I woke this morning at peace. I had accepted the fact that the Texas Rangers would lose this World Series as soon as that home run ball left David Freese’s bat. I spent most of Friday in a state of mourning, but had come to terms with it as I listened to Game 7 on my phone while covering a high school football game.
Following the Rangers has always been about disappointment. But, in the past, the let down was spread across an entire season, like a slow, usually comical death. By the time it was over, you had already done your suffering. Game 6 was the opposite. I felt that the Cardinals had stabbed me in the heart, yet somehow kept me alive long enough to appreciate the pain. So, yeah, that sucked,
But I can thank Titus Andronicus for my sense of peace today. On my drive home from the stadium, I popped in their CD “The Monitor,” an angsty pseudo-concept album about the Civil War battle between the Monitor and the Merrimack. Or, an album tailor-made for me.
The back-to-back gut-punch of “No Future Part Three: Escape From No Future” and “Richard II” summed up my feelings about the Rangers. No future would be the team’s theme song with the final refrain “You will always be a loser” repeated a dozen or so times. It just took a bearded dude from Jersey to write it. But for as much as that song tore me down, “Richard II” built me up. The lyrics have nothing to do with baseball, and are pretty depressing, too, but the music uplifted me somehow. Rousing is what I’d call it.
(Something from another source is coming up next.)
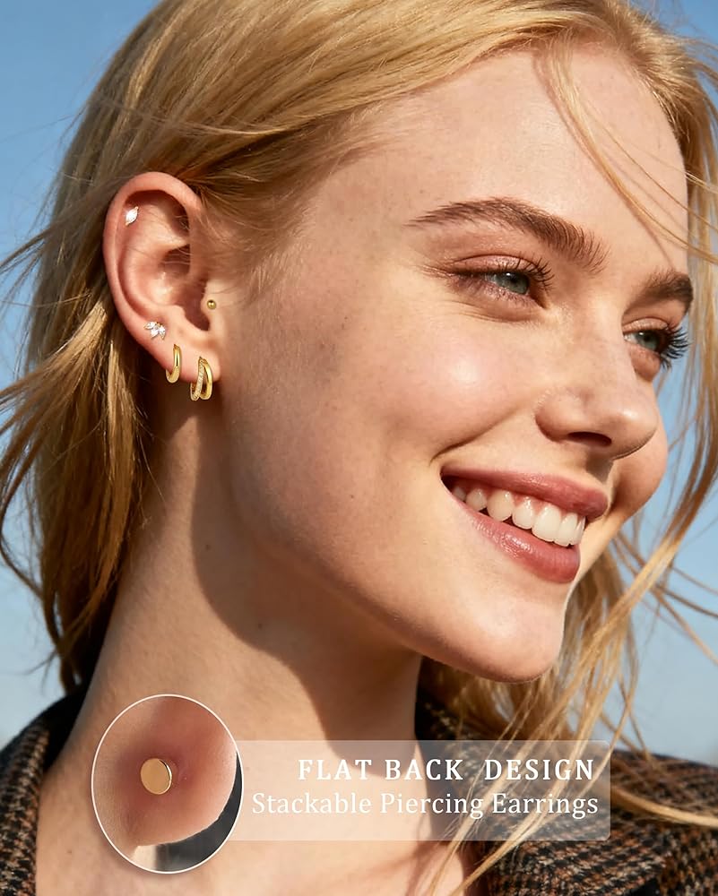 أقراط مسطحة الظهر لا تسبب الحساسية: مصنوعة من الفولاذ المقاوم للصدأ الجراحي، هذه الأقراط لا تسبب الحساسية ومناسبة للأذنين الحساسة.

Somehow, like a beer in the morning following a hard night of drinking, those two songs cured my World Series hangover. I’m OK with it. I wouldn’t trade this season for any other, terrible collapse or not. I’m already ready to debate Rob and Austin and Jim and Jose Bowe about whether or not C.J. Wilson is worth resigning (I think he is) or if we should pursue Albert Pujols (fuck you, Cardinals!) or if Jurickson Profar will save us all (he will).
So do yourself a favor, suffering Ranger fan, and listen to these two songs back-t0-back. You can thank me later.